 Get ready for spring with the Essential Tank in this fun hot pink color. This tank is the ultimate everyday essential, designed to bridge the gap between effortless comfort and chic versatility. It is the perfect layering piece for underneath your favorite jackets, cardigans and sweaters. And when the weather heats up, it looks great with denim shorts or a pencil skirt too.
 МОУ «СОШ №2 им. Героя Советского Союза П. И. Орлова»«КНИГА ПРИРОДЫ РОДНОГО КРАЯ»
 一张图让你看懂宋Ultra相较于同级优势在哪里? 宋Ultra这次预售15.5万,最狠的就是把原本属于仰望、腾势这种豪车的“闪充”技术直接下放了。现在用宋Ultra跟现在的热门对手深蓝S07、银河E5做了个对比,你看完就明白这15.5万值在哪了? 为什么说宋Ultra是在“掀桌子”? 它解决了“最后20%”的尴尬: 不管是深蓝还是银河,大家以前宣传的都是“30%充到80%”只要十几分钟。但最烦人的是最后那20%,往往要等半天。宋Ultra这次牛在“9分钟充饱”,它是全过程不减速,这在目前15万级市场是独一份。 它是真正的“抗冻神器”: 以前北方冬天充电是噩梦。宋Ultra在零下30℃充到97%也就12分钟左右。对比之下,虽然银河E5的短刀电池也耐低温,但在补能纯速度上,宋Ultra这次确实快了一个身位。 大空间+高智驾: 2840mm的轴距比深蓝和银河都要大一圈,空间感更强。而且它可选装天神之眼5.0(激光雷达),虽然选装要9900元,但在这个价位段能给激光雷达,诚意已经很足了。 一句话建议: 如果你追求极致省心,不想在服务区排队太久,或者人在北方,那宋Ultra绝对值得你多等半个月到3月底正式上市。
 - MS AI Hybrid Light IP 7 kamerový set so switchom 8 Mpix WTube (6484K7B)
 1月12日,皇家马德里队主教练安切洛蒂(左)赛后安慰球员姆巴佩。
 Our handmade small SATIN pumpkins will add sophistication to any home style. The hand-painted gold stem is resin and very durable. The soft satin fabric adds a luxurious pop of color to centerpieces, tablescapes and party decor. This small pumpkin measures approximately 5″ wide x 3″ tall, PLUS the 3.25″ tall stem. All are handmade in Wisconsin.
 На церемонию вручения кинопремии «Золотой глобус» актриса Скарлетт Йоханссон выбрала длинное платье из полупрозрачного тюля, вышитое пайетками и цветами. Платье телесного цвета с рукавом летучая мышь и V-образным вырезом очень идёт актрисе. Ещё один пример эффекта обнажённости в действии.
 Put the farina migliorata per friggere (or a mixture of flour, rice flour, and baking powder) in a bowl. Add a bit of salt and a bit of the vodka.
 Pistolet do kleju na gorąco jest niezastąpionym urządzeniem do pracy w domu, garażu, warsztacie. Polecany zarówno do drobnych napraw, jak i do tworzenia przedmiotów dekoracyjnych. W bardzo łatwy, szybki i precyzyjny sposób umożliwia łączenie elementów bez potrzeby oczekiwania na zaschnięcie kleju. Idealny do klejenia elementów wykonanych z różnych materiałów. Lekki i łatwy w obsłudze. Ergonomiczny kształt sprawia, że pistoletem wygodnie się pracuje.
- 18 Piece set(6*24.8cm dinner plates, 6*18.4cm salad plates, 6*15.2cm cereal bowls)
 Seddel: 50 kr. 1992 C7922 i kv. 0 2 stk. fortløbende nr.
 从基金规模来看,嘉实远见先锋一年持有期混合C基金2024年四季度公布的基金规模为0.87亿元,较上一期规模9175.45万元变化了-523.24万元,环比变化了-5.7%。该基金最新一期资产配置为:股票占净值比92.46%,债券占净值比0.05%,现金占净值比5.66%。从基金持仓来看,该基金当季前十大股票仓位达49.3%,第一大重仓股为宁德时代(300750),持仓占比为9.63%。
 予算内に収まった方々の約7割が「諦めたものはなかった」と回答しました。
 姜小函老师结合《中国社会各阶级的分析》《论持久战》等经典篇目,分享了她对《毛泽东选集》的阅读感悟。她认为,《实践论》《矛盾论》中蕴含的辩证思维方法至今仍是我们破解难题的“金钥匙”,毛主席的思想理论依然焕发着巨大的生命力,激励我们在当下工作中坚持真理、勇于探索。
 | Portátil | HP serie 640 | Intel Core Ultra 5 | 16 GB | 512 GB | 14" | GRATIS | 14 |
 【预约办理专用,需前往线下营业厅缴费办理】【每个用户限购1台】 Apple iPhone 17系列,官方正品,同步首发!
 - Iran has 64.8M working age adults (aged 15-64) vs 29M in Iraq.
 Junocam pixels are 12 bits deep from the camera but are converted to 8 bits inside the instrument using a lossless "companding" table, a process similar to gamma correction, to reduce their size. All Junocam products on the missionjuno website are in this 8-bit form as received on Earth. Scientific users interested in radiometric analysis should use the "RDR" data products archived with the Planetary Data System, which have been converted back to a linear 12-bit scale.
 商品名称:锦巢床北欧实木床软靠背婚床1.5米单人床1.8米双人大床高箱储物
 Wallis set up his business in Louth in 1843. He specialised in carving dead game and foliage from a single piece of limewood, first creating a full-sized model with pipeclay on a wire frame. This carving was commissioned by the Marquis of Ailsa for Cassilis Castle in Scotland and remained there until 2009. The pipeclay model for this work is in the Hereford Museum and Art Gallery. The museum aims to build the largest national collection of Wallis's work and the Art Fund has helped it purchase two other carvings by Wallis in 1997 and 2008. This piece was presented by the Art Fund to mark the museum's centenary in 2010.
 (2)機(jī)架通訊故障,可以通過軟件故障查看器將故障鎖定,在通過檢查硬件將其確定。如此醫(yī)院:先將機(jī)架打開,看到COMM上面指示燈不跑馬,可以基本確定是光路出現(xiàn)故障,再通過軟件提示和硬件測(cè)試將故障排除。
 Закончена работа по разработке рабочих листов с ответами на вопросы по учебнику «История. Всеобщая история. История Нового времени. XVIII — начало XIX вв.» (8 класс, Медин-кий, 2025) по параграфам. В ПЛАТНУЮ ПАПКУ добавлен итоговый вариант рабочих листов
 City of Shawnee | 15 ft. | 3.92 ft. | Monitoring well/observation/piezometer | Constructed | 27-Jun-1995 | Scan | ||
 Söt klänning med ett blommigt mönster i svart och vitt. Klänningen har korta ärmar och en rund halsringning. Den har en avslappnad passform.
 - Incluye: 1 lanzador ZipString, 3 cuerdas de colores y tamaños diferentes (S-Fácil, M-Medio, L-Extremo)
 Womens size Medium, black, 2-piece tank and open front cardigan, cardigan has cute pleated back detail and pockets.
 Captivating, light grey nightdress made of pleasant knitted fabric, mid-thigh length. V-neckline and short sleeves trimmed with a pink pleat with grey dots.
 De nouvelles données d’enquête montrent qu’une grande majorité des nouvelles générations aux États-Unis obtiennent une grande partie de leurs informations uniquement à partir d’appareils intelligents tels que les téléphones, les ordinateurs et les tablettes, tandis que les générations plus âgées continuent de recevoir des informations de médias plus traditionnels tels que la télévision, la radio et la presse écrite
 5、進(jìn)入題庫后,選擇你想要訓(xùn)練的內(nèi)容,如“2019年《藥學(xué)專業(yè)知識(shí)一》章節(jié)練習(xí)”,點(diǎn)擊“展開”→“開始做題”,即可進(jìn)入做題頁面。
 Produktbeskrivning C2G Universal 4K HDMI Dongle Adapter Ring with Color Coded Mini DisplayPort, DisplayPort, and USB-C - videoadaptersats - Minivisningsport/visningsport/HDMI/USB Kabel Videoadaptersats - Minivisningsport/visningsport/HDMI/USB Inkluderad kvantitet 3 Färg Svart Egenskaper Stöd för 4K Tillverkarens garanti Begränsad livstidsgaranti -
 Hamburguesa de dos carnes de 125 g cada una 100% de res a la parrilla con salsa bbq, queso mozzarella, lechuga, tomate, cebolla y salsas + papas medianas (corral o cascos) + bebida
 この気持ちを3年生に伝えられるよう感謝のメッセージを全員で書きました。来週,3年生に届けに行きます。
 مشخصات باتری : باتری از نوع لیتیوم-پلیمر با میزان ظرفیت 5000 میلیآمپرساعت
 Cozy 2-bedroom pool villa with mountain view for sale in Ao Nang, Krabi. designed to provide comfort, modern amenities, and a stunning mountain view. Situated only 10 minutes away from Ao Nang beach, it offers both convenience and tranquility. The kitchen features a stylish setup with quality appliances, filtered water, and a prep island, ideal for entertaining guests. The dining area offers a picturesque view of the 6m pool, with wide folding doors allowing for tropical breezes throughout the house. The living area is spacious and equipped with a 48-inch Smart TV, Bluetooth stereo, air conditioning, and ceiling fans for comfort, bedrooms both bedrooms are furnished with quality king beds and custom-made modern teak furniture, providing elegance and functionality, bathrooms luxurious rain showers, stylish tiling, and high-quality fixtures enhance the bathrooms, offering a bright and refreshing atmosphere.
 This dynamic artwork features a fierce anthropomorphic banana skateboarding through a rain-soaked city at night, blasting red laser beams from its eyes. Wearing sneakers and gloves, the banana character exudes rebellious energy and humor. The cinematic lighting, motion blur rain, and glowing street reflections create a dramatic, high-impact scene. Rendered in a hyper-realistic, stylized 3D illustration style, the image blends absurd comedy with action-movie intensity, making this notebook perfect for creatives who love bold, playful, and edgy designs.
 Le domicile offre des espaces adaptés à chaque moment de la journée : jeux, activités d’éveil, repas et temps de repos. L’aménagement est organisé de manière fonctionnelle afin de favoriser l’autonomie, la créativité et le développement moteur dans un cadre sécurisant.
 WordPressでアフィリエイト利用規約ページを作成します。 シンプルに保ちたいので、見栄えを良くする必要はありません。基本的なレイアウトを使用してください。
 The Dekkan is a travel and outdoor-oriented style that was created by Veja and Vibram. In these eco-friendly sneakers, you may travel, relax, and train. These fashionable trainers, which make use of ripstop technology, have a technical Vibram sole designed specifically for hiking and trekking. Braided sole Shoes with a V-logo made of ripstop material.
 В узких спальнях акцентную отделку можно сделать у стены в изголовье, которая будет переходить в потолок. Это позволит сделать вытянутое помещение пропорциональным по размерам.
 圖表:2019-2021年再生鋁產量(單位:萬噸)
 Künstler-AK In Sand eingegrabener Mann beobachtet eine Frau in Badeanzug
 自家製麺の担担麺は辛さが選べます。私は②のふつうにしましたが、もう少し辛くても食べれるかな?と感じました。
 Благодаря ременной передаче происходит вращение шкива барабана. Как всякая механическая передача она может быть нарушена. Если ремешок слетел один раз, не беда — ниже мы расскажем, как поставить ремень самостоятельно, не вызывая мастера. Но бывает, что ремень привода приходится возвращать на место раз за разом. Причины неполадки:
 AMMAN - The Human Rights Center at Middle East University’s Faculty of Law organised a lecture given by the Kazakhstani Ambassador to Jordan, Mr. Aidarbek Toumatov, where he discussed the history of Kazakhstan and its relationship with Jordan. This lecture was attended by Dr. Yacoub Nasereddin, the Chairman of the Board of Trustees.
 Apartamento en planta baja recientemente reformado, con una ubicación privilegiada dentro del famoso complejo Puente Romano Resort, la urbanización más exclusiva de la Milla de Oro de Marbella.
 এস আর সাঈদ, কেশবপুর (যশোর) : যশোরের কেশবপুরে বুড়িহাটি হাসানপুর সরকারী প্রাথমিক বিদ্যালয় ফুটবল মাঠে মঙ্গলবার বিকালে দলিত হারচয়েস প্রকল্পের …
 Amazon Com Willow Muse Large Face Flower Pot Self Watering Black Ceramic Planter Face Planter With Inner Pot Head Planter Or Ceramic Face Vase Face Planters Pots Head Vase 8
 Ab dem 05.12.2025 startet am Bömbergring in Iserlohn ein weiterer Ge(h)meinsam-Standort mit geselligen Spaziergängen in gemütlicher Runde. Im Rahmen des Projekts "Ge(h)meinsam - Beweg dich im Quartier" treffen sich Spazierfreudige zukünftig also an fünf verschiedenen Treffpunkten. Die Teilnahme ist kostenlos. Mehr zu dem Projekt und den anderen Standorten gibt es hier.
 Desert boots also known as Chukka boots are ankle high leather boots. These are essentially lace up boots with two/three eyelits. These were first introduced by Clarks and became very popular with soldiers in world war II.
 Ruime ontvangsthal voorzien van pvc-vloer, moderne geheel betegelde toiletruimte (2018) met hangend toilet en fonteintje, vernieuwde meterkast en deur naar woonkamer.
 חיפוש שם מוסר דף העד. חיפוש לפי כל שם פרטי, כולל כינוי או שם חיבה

○ ○ ○ ○

(About this task)
Every line from the one that contains "Amazon Com Willow" down to and including the last line of the records above must be set down exactly, with nothing else.

(Answer box)
 Amazon Com Willow Muse Large Face Flower Pot Self Watering Black Ceramic Planter Face Planter With Inner Pot Head Planter Or Ceramic Face Vase Face Planters Pots Head Vase 8
 Ab dem 05.12.2025 startet am Bömbergring in Iserlohn ein weiterer Ge(h)meinsam-Standort mit geselligen Spaziergängen in gemütlicher Runde. Im Rahmen des Projekts "Ge(h)meinsam - Beweg dich im Quartier" treffen sich Spazierfreudige zukünftig also an fünf verschiedenen Treffpunkten. Die Teilnahme ist kostenlos. Mehr zu dem Projekt und den anderen Standorten gibt es hier.
 Desert boots also known as Chukka boots are ankle high leather boots. These are essentially lace up boots with two/three eyelits. These were first introduced by Clarks and became very popular with soldiers in world war II.
 Ruime ontvangsthal voorzien van pvc-vloer, moderne geheel betegelde toiletruimte (2018) met hangend toilet en fonteintje, vernieuwde meterkast en deur naar woonkamer.
 חיפוש שם מוסר דף העד. חיפוש לפי כל שם פרטי, כולל כינוי או שם חיבה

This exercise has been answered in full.